WHAT IS NEEDED:
Output, exactly and in full, only the lines from the one containing "10月18日,北京冬奥会火炬" to the last line of the data. Pictures should not appear.

___ RAW DATA ___

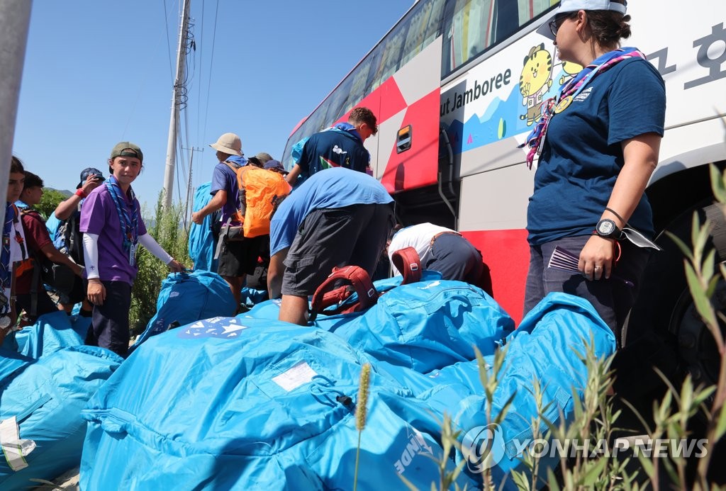 | ▲ 버스에 실리는 스카우트 짐 (부안=연합뉴스) 나보배 기자 = 8일 오전 전북 부안군 새만금 세계스카우트 잼버리 야영지에서 각국 스카우트 대원들이 버스에 짐을 싣고 있다. 2023.8.8 warm@yna.co.kr |
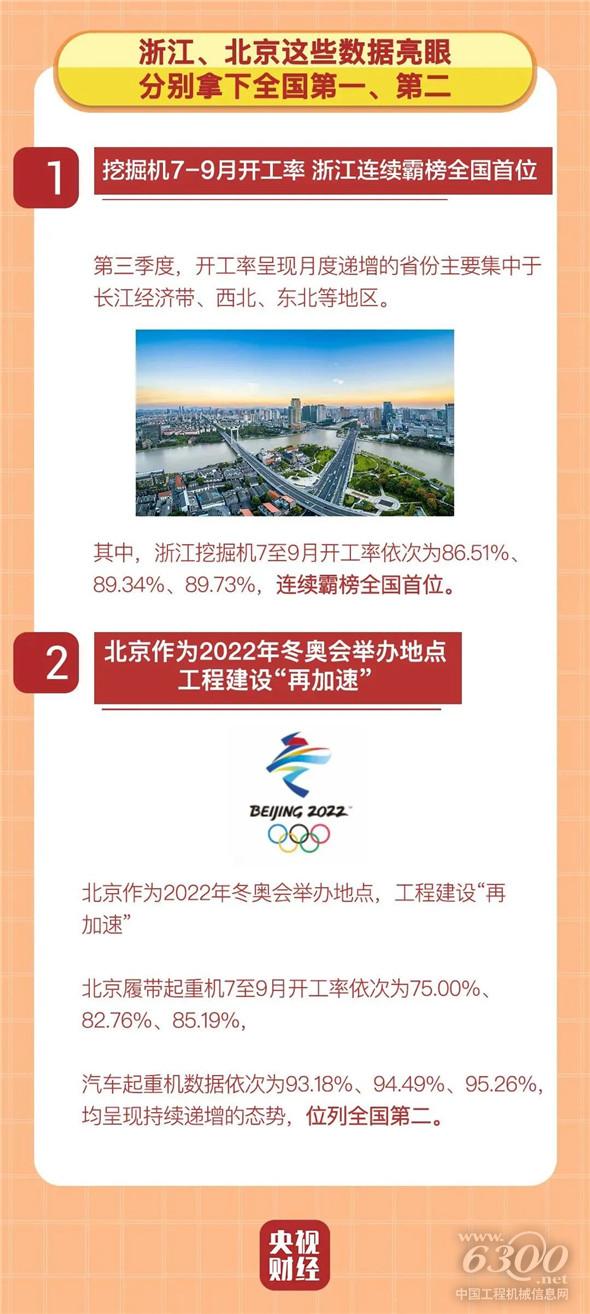 10月18日,北京冬奥会火炬在希腊古奥林匹亚小镇开始传递。距离北京2022年冬奥会开幕还有一百多天,北京、河北作为两大举办地点,各项工程建设工作“再加速”。北京履带起重机7至9月开工率依次为75.00%、82.76%、85.19%;汽车起重机数据依次为93.18%、94.49%、95.26%,均呈现持续递增的态势,位列全国第二;
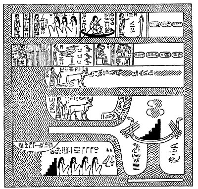 HAVING briefly referred to the origin and development of the magical, religious, and purely funeral texts which, sometimes with and sometimes without illustrations, formed the "Guides" to the Ancient Egyptian Underworld, the form of the conceptions concerning the place of departed spirits as it appears in the Recensions of the XVIIIth and XIXth Dynasties must now be considered. To reconstruct the form which they took in the Predynastic Period is impossible, for no materials exist, and the documents of the Early Empire are concerned chiefly with providing the deceased with an abundance of meat, drink, and other material comforts, and numbers of wives and concubines, and a place in Sekhet-Aaru, a division of Sekhet-hetepet, to which the name "Elysian Fields" has not inaptly been given. In later times Sekhet-Aaru, or Sekhet-Aanru, comprised all Sekhet-hetepet. Of Sekhet-hetepet as a whole the earliest known pictures are those which are painted on the coffins of

___

WRITTEN RESPONSE:
 10月18日,北京冬奥会火炬在希腊古奥林匹亚小镇开始传递。距离北京2022年冬奥会开幕还有一百多天,北京、河北作为两大举办地点,各项工程建设工作“再加速”。北京履带起重机7至9月开工率依次为75.00%、82.76%、85.19%;汽车起重机数据依次为93.18%、94.49%、95.26%,均呈现持续递增的态势,位列全国第二;
 HAVING briefly referred to the origin and development of the magical, religious, and purely funeral texts which, sometimes with and sometimes without illustrations, formed the "Guides" to the Ancient Egyptian Underworld, the form of the conceptions concerning the place of departed spirits as it appears in the Recensions of the XVIIIth and XIXth Dynasties must now be considered. To reconstruct the form which they took in the Predynastic Period is impossible, for no materials exist, and the documents of the Early Empire are concerned chiefly with providing the deceased with an abundance of meat, drink, and other material comforts, and numbers of wives and concubines, and a place in Sekhet-Aaru, a division of Sekhet-hetepet, to which the name "Elysian Fields" has not inaptly been given. In later times Sekhet-Aaru, or Sekhet-Aanru, comprised all Sekhet-hetepet. Of Sekhet-hetepet as a whole the earliest known pictures are those which are painted on the coffins of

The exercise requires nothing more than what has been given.